Mais aujourd'hui les communistes français sont placés devant un double bind impossible qui nous entraine dans une impasse : l' « offre » de candidature de JLM versus l' « offre » d'une primaire à gauche. Il est urgent pour les militants du PCF comme pour toutes elles et ceux qui se réclament du FdG et au delà de sortir de cette cisaille infernale !

Contrairement à ce que pensent certains contributeurs, je ne vois pas dans le fait que beaucoup de communistes soient signataires de cet appel une manière de se démarquer du positionnement de la direction du PCF, mais plutôt une contribution à la clarification de cette dernière. Un pas important a d'ailleurs été fait avec cette proposition d'États Généraux interrogeant d'ici l'été 500 000 personnes.
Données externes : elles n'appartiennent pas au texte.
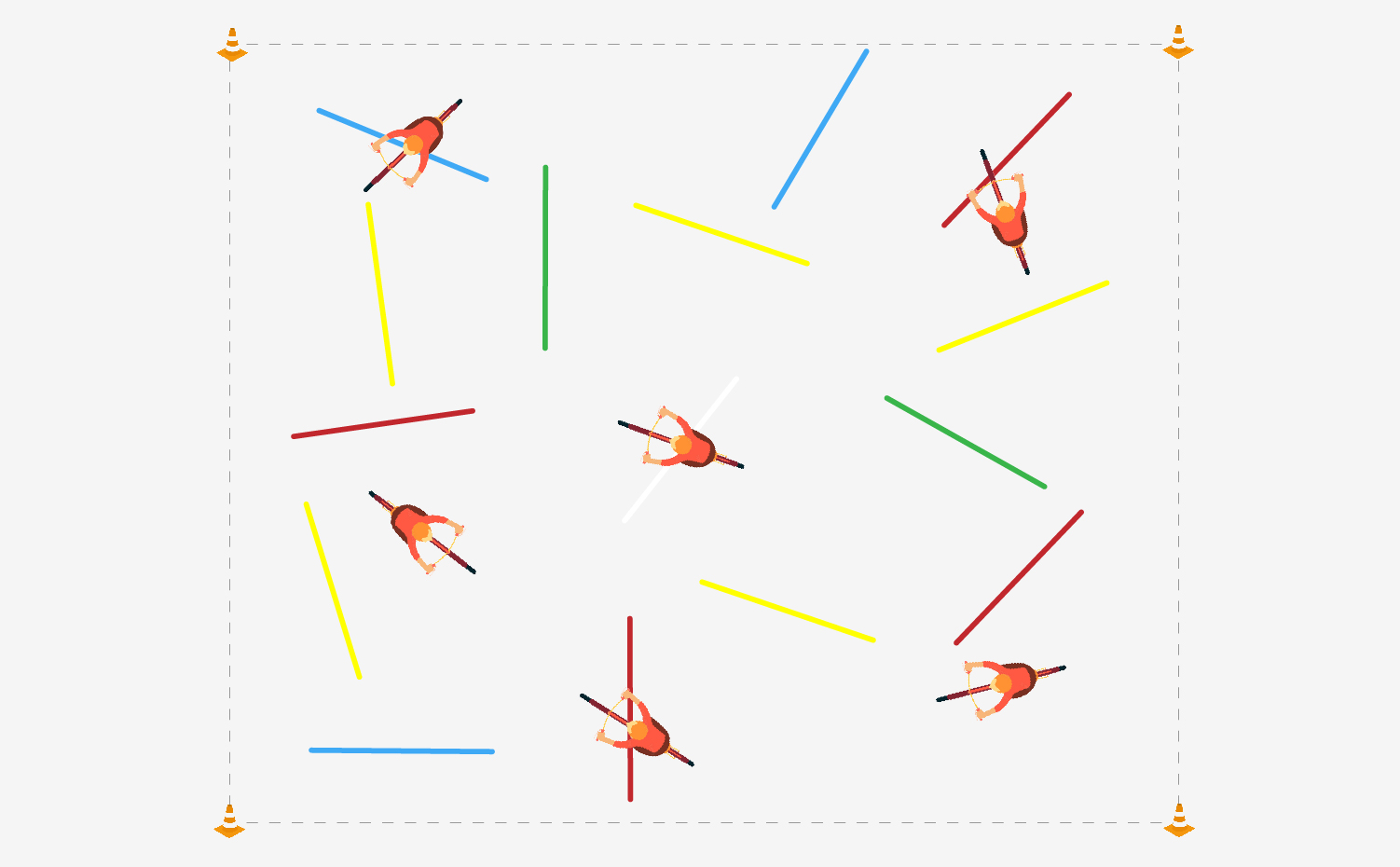 Zet een vierkant uit van ongeveer 10 x 10 meter. Gebruik pylonen om het vierkant af te bakenen. Maak strepen van 150 cm in 5 verschillende kleuren in het vierkant. Elke kleur heeft een eigen aantal strepen. Verdeel de kleurstrepen zo goed mogelijk over het vierkant.
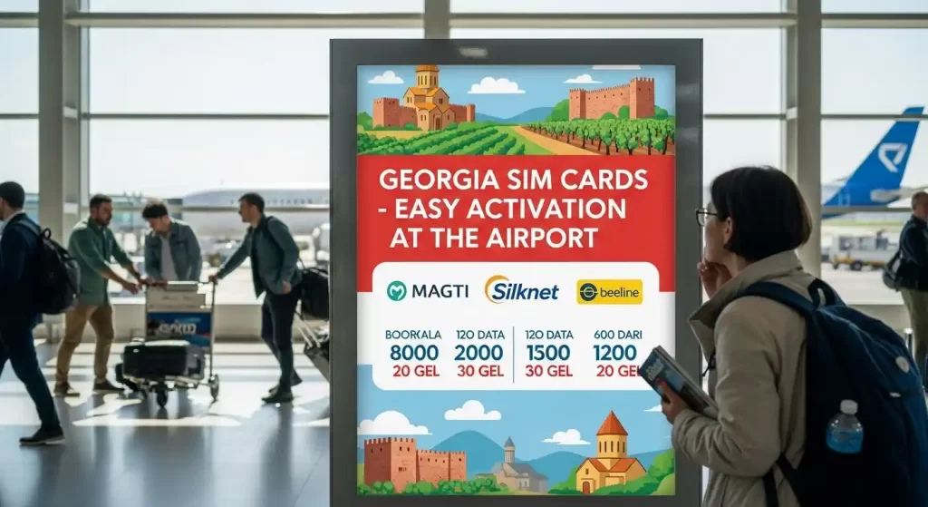 時間に余裕があるなら、市内中心部の公式ショップ(例えばルスタヴェリ通りなど)がおすすめです。プランも豊富ですし、設定も全部やってもらえますよ。購入時にはパスポートが必須なので、忘れずに持っていきましょう。
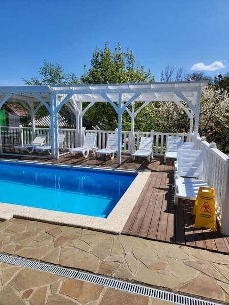 Читать полностьюГостевой дом располагает круглогодичным бассейном с подогревом, поддерживающим комфортную температуру воды в зависимости от сезона. Вода в бассейне проходит регулярную автоматическую дезинфекцию. Рядом с бассейном оборудована зона для загара с удобными лежаками, а в зимнее время предусмотрена закрытая зона для переодевания. Поблизости находится холодильник с напитками, чтобы гости могли освежиться во время водных процедур.
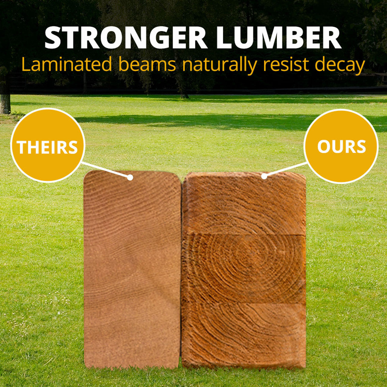 - Available with a Standard Wood Roof featuring Sunbursts, Dormers and a Chimney; or our Wood Roof w/ Treehouse Add-On!
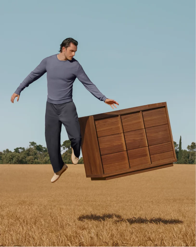 Filmed in the soft light of the Catalan countryside, the campaign captures a poetic moment: a woman reading in her living room as the walls dissolve into a golden wheat field, her furniture floating around her like memories. Some pieces fade, others remain, a metaphor for the quiet bonds we form with the objects that shape our lives.
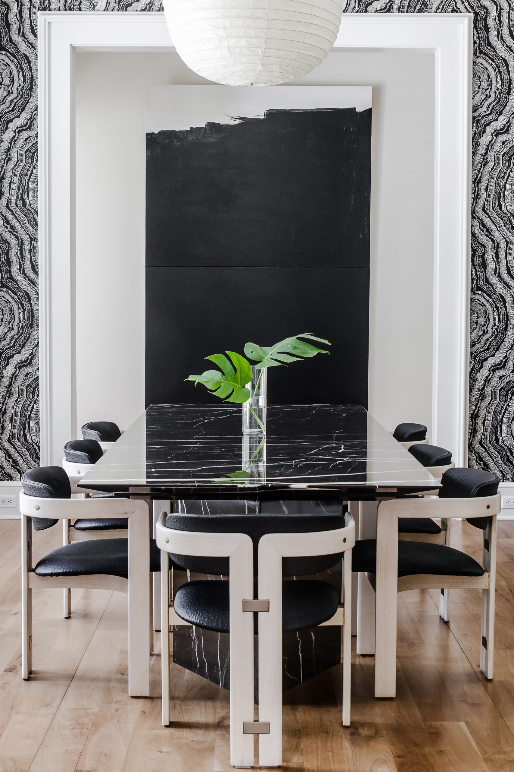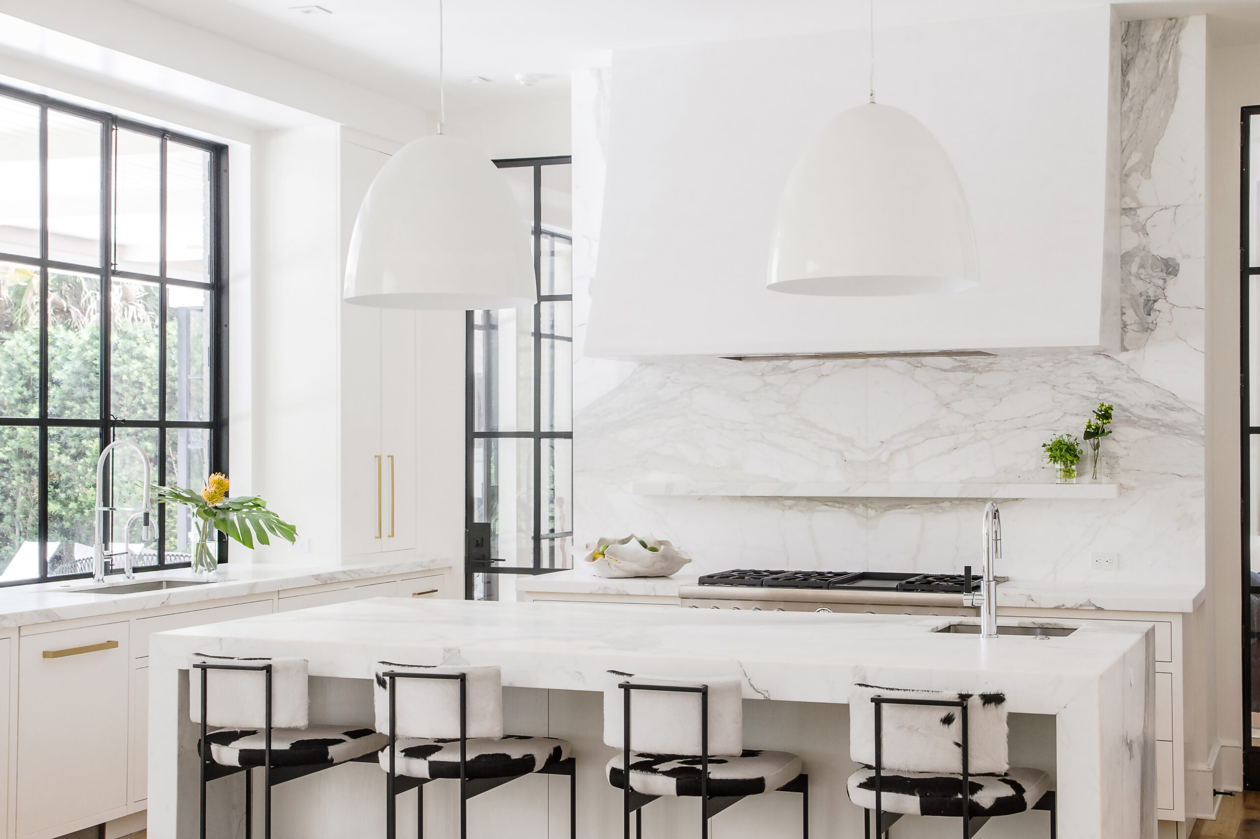 To balance the strength of steel and glass, the interiors incorporate soft white marble and Venetian plaster, providing a refined and timeless backdrop for the client’s avant-garde art collection. This careful material juxtaposition underscores the project’s central theme: the harmonious marriage of enduring architecture with progressive, forward-thinking elements.

Cette proposition inédite dans notre histoire récente peut à mon sens être vraiment utile mais à plusieurs conditions :

  • Qu'elle ne se borne pas à collecter une pile de « cahiers de doléances » mais s'efforce de déboucher sur une plate-forme d'objectifs, d'engagements à court, moyen et long terme. C'est cela pour moi un « socle commun ».

  • Qu'elle soit appropriée, au delà du PCF, par l'ensemble des composantes du FdG et au delà par la « gauche critique » (écologistes, socialistes en rupture, Nouvelle Donne…) mais aussi et surtout par le mouvement social dans ses composantes associatives, syndicales et « inorganisées ».

  • Qu'elle déborde donc largement des « logiques d'organisation(s) » et aille directement au contact de notre peuple : des États Généraux, c'est ça.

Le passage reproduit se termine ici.